Your assignment: Return the entries below word for word; no images should appear in the copy.

Task data:

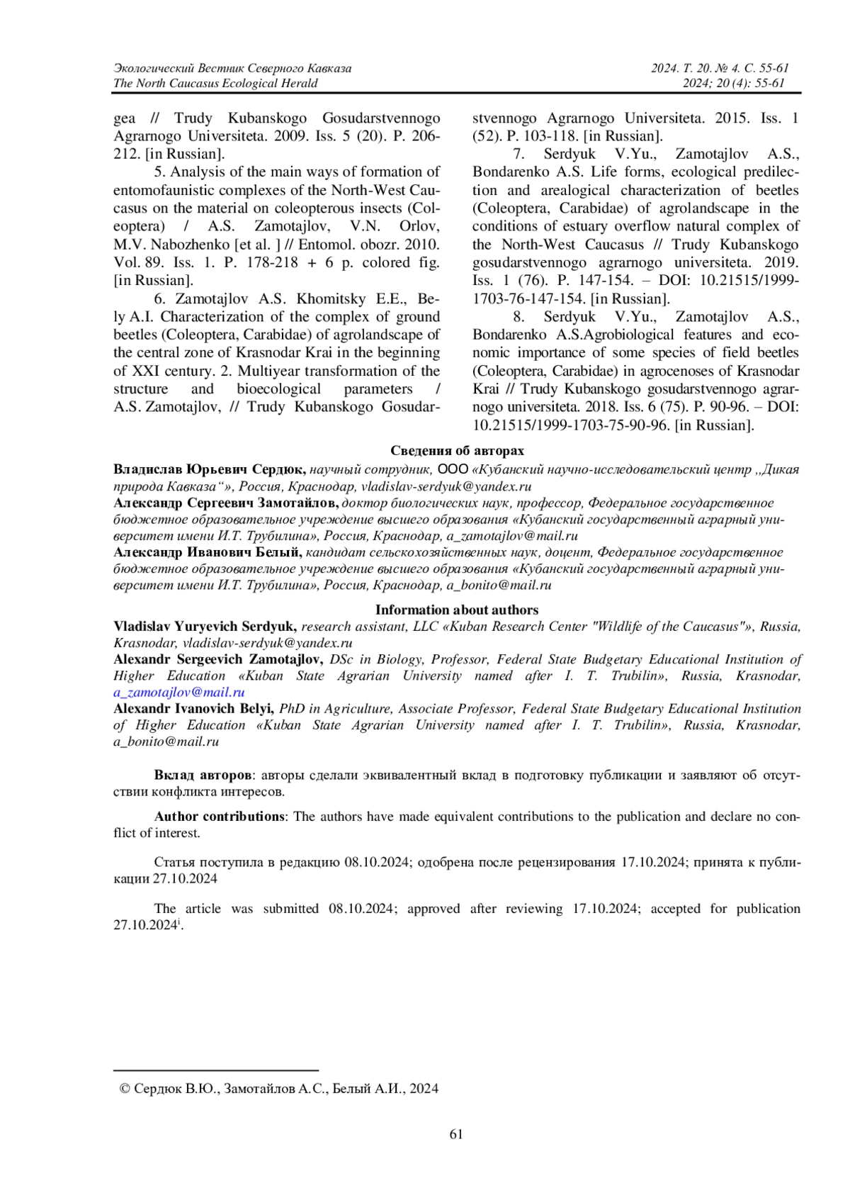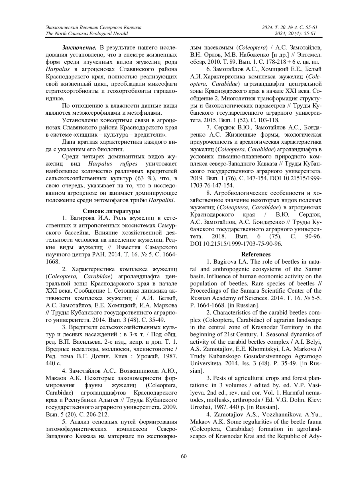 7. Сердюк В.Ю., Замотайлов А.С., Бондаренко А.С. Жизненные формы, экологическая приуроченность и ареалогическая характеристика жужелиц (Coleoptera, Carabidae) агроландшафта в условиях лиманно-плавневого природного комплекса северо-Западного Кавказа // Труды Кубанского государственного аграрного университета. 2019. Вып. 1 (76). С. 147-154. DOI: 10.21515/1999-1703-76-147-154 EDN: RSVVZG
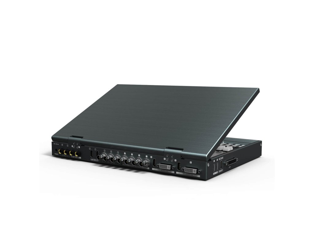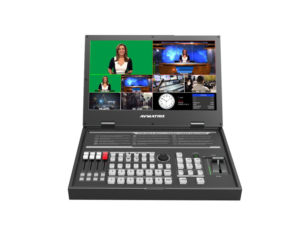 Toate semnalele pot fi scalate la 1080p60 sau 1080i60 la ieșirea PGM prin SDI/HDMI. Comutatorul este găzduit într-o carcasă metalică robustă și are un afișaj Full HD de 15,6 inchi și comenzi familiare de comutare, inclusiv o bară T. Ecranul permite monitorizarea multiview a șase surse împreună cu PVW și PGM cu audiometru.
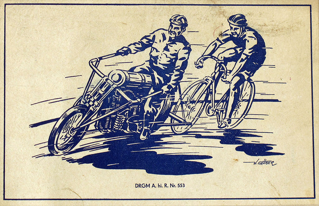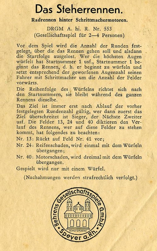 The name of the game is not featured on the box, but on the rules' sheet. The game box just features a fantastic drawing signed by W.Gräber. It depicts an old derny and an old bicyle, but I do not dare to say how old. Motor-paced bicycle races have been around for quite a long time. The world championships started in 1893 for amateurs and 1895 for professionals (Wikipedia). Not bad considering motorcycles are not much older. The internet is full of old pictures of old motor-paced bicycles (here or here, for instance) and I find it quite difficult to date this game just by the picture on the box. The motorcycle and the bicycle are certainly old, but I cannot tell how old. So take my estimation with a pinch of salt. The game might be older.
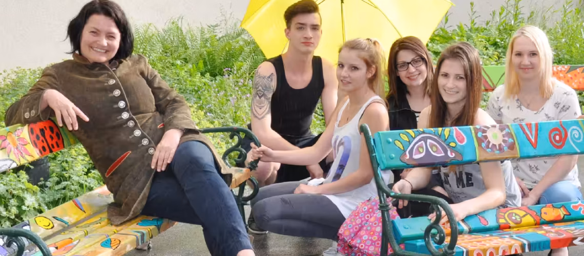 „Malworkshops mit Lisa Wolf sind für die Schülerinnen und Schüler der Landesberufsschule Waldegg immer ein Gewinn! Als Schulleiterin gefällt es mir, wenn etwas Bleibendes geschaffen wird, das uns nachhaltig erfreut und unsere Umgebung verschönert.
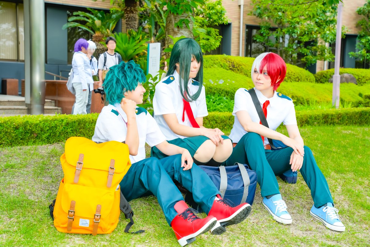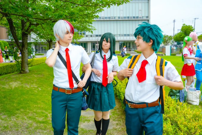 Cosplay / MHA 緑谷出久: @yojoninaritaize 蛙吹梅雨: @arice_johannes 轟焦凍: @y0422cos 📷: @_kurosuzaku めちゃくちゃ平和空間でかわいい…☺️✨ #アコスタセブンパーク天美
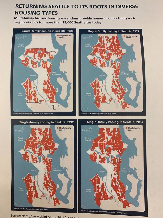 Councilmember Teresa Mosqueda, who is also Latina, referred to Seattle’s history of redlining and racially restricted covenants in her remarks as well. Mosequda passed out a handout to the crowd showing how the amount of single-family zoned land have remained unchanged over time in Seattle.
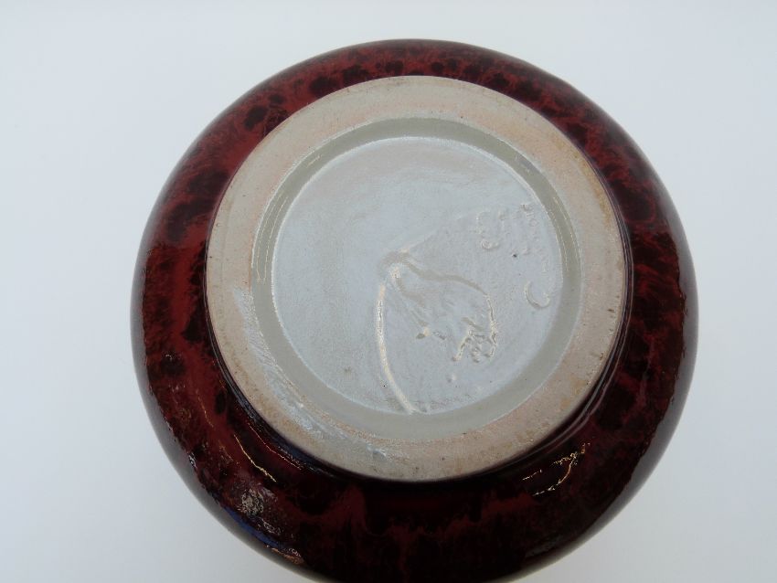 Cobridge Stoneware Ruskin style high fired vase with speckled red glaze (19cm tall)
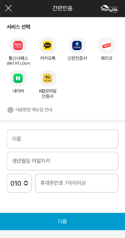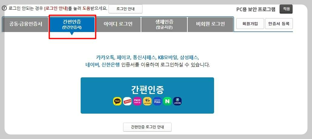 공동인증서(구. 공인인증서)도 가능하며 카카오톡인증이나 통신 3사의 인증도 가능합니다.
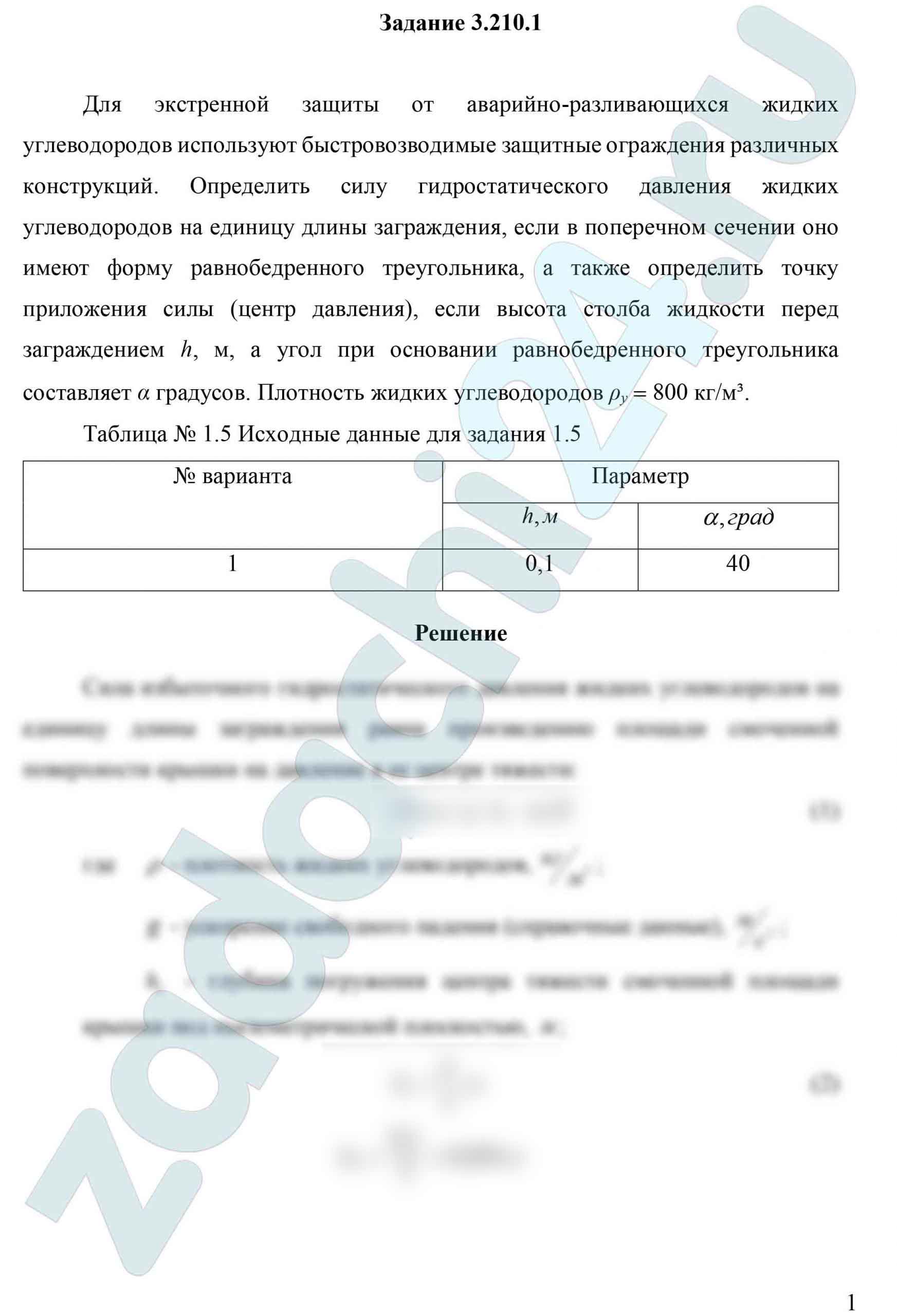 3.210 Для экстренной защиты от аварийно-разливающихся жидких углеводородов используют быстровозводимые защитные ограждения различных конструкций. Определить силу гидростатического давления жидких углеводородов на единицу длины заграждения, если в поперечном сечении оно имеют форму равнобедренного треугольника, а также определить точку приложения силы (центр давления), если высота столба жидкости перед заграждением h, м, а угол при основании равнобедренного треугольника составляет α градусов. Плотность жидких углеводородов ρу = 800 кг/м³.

Task answer:
 7. Сердюк В.Ю., Замотайлов А.С., Бондаренко А.С. Жизненные формы, экологическая приуроченность и ареалогическая характеристика жужелиц (Coleoptera, Carabidae) агроландшафта в условиях лиманно-плавневого природного комплекса северо-Западного Кавказа // Труды Кубанского государственного аграрного университета. 2019. Вып. 1 (76). С. 147-154. DOI: 10.21515/1999-1703-76-147-154 EDN: RSVVZG
 Toate semnalele pot fi scalate la 1080p60 sau 1080i60 la ieșirea PGM prin SDI/HDMI. Comutatorul este găzduit într-o carcasă metalică robustă și are un afișaj Full HD de 15,6 inchi și comenzi familiare de comutare, inclusiv o bară T. Ecranul permite monitorizarea multiview a șase surse împreună cu PVW și PGM cu audiometru.
 The name of the game is not featured on the box, but on the rules' sheet. The game box just features a fantastic drawing signed by W.Gräber. It depicts an old derny and an old bicyle, but I do not dare to say how old. Motor-paced bicycle races have been around for quite a long time. The world championships started in 1893 for amateurs and 1895 for professionals (Wikipedia). Not bad considering motorcycles are not much older. The internet is full of old pictures of old motor-paced bicycles (here or here, for instance) and I find it quite difficult to date this game just by the picture on the box. The motorcycle and the bicycle are certainly old, but I cannot tell how old. So take my estimation with a pinch of salt. The game might be older.
 „Malworkshops mit Lisa Wolf sind für die Schülerinnen und Schüler der Landesberufsschule Waldegg immer ein Gewinn! Als Schulleiterin gefällt es mir, wenn etwas Bleibendes geschaffen wird, das uns nachhaltig erfreut und unsere Umgebung verschönert.
 Cosplay / MHA 緑谷出久: @yojoninaritaize 蛙吹梅雨: @arice_johannes 轟焦凍: @y0422cos 📷: @_kurosuzaku めちゃくちゃ平和空間でかわいい…☺️✨ #アコスタセブンパーク天美
 Councilmember Teresa Mosqueda, who is also Latina, referred to Seattle’s history of redlining and racially restricted covenants in her remarks as well. Mosequda passed out a handout to the crowd showing how the amount of single-family zoned land have remained unchanged over time in Seattle.
 Cobridge Stoneware Ruskin style high fired vase with speckled red glaze (19cm tall)
 공동인증서(구. 공인인증서)도 가능하며 카카오톡인증이나 통신 3사의 인증도 가능합니다.
 3.210 Для экстренной защиты от аварийно-разливающихся жидких углеводородов используют быстровозводимые защитные ограждения различных конструкций. Определить силу гидростатического давления жидких углеводородов на единицу длины заграждения, если в поперечном сечении оно имеют форму равнобедренного треугольника, а также определить точку приложения силы (центр давления), если высота столба жидкости перед заграждением h, м, а угол при основании равнобедренного треугольника составляет α градусов. Плотность жидких углеводородов ρу = 800 кг/м³.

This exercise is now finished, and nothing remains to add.